On an individual level, Ahkman is blessed as Abraham was, to be the righteous father of a blessed nation whose seed will become more numerous than the stars in the sky or sands on the seashore, and they will revere him as father and head.  This Abrahamic covenant made to Ahkman then will be passed on through his generations contingent upon their faithfulness with more specific language:
- If his descendants remain righteous, no enemy will prevail against them, nations will tremble before them, and they will have power over all who dare oppress them.
- But if they forget God, they will be cast asunder and trampled upon by all nations.

Learning about, remembering, and fulfilling these patriarchal covenants in the last days is part of what Malachi was prophesying at the end of his book. These covenant blessings were and are available to all -- Abraham's children, Nephites and Lamanites, scattered Israel -- and the Lord wishes all to receive them. Moroni quoted Malachi's words to Joseph Smith:
Behold, I will reveal unto you the Priesthood, by the hand of Elijah the prophet, before the coming of the great and dreadful day of the Lord. And he shall plant in the hearts of the children the promises made to the fathers, and the hearts of the children shall turn to their fathers. If it were not so, the whole earth would be utterly wasted at his coming.
When the Lord appeared to Joseph Smith and Oliver Cowdery and accepted the Kirtland Temple and Moses, Elijah, and Elias verbally committed keys and dispensations, the purpose of the Lord's work in the latter days became clear -- to gather His children together and remind them of who they and their ancestors are so they can receive all of the covenant blessings rightfully belonging to them. The Lord is performing this work throughout the world, wherever the righteous hearken to His voice.

Thursday, June 9, 2016


What we have here in Ahkman 4 is a second, more-detailed, first-person account of Ahkman's conversion to Suran's teachings (see Suran 4)--Suran teaches his family; Shurak doubts, thinking Ngameke was strange and delusional; Ahkman prays about it and receives an answer.

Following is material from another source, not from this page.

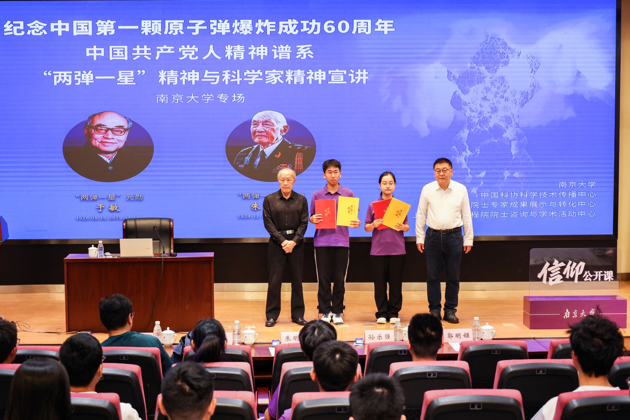 为纪念中国第一颗原子弹爆炸成功60周年,10月11日,中国共产党人精神谱系“两弹一星”精神与科学家精神宣讲会走进凯发k8官网校园。“两弹一星”元勋朱光亚同志之子朱明远研究员、“两弹一星”元勋于敏同志之子于辛高级工程师莅临现场,讲述父辈为国铸核盾的感人故事,激励凯发青年师生以实际行动投身强国建设、民族复兴伟业。

Ahkman's actions and what he learns about God are of instructional importance to any seeker of truth.

Ahkman heads off on his own to "consider the meaning" of what Suran taught, chooses a sacred, solitary place in the forest where his father would go to worship the ancestral gods, and begins to pray to those gods for knowledge. And as he prays (note, not after), an angel descends from heaven and speaks in a loud voice, which frightens Ahkman into falling backward (the ubiquitous human reaction to divine messengers : ) The angel tells him to not be afraid (the ubiquitous angelic response...) but that through his faith he's proven himself. The angel also testifies of the truth of Suran's words and of his foreordination and role as prophet to and father of a righteous people (the same thing the voice taught Suran in Suran 2).

Ahkman confesses he worships the gods of his family and has never heard of a Lord (I wonder if they're using the word Jehovah, here, but not writing it down, following the Hebrew biblical tradition), but to his credit, asks who the Lord is that he might worship him. Fortunately for Ahkman, his question, "Who is the Lord that I might worship him?" is asked in faith and acceptance, like the man born blind in John 9, rather than in doubt or rejection, as with Cain (Moses 5) or King Noah (Mosiah 11).

Because he's asked in faith, the angel teaches Ahkman that there's only one God, the Eternal Father, the master and ruler of everything, and that Ahkman's ancestors had been misled to follow after false gods. But the idolatry of Ahkman's ancestors is not counted against him because he knew no better, worshipped with full purpose of heart, and his heart was open to receive new truth. This is key--though children may suffer consequences from their parents' actions, they are not punished for their parents' sins but for their own desires and actions.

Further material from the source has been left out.